Marcelo Rebelo de Sousa apela, por isso, "à contenção e à urgência de retomar a via diplomática para a resolução do conflito".

No sábado, os Estados Unidos envolveram-se diretamente na guerra de Israel contra o Irão, ao bombardearem as três principais instalações envolvidas no programa nuclear iraniano.

O Presidente norte-americano, Donald Trump, ameaçou o regime de Teerão com mais ataques se "a paz não chegar rapidamente".

O primeiro-ministro, Luís Montenegro, manifestou-se hoje preocupado com o risco de "grave escalada" no Médio Oriente e apelou para a "máxima contenção de todas as partes" e ao regresso às negociações com o objetivo de encontrar uma "solução diplomática".

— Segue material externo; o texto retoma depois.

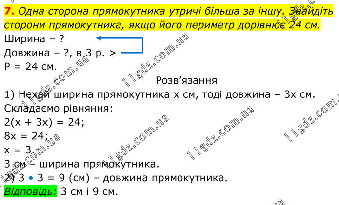 Одна сторона прямокутника утричі більша за іншу. Знайдіть сторони прямокутника, якщо його периметр дорівнює 24 см. Ширина – ? Довжина – ?, в 3 р. > Р = 24 см. Розв’язання 1) Нехай ширина прямокутника х см, тоді довжина – 3х см. Складаємо рівняння: 2(х + 3х) = 24; 8х = 24; х = 3. 3 см – ширина прямокутника. 2) 3 • 3 = 9 (см) – довжина прямокутника. Відповідь: 3 см і 9 см.

Numa publicação na rede social X, o chefe do executivo português considerou que "o programa nuclear do Irão é uma séria ameaça à segurança mundial, pelo que não pode prosseguir".

"Muito preocupado com o risco de grave escalada no Médio Oriente, apelo à máxima contenção de todas as partes e ao regresso às negociações com vista a encontrar uma solução diplomática", lê-se na publicação, feita em português e inglês.

Também o secretário-geral das Nações Unidas, António Guterres, manifestou-se hoje "gravemente alarmado com o uso da força pelos Estados Unidos contra o Irão", e advertiu que "não há solução militar" para substituir a diplomacia.

Israel tem em curso uma ofensiva contra o Irão desde 13 de junho, que justificou com os progressos do programa nuclear iraniano e a ameaça que a produção de mísseis balísticos por Teerão representa para o país.